Friday, January 8th, 2010

How did you buy your last personal car?  Did you buy it off the lot or have it built just for you?  What made you decide on the model of vehicle that you selected?  When you are looking to purchase a vehicle for your business, think about all of those things and then throw them out the window!

The fact of the matter is that buying a car for your company should be night and day from how you personally buy vehicles.  Nine times out of ten when we buy a car for ourselves we rely heavily on emotion, however, if you do this for your business you will end up spending money that you need not.  Instead, focus your decision around four key areas: fuel economy, safety, budget and image.

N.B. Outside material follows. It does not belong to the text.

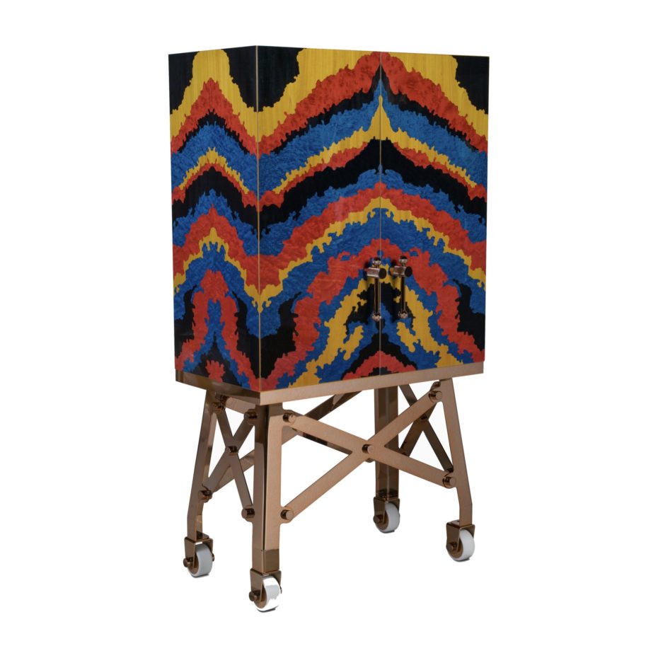 Struttura in legno listellare impiallacciata in finitura Mimetica. Interni e mensole laccate. Maniglie a morsetto in metallo. Base in metallo a forma di carrello con ruote.

Fuel economy: When gas prices sky rocket this is usually the first thing that we think about.  However, even with gas prices being relatively low, you still need to think about maximizing your fuel economy.  Even if your vehicles require the carrying of a lot of equipment, you may be able to find a vehicle with a smaller engine or cargo area that will still satisfy your needs.  We call this “right sizing” with our customers and it means finding a vehicle with the maximum fuel economy that will still meet your needs.

Safety: Obviously we want our employees to remain safe but what steps are you taking to ensuring this on the road?  Is the vehicle you purchase ensuring their safety?  For us, being in the Midwest, this often means finding a vehicle that can handle the brutal winter roads.  This could also mean purchasing some extra safety features that may not come on the showroom floor model.

Budget: We often hear from clients that they want to buy the cheapest car they can find to meet their needs.  This is all well and good but what will the upkeep, insurance and fuel costs be with that cheap vehicle?  Often times people will spend more down the road (pun intended!) because they tried to save money upfront.  Also, few fleet managers consider what the resale value of the vehicle they buy will be but this is direct money in or not in your hands! The key is finding a vehicle that will be the best value in the long run, not the lowest sticker price.

Image: This is where things get fun.  What do you want your vehicles to say about your company when your employees pull in to meet a client?  Do you want them to say that you are environmentally conscious, a high-end service provider or blue-collar worker?  Every vehicle tells a story so it is important to know what you want that story to be and then figure out what vehicle will tell that story.  Whether it is what model of vehicle your employees drive or a high-end graphics package, the look of your vehicle can be very important.

So, forget everything that you know about buying a vehicle and focus on these four criteria.  When you do you will find a vehicle that is the best value for you today and down the road.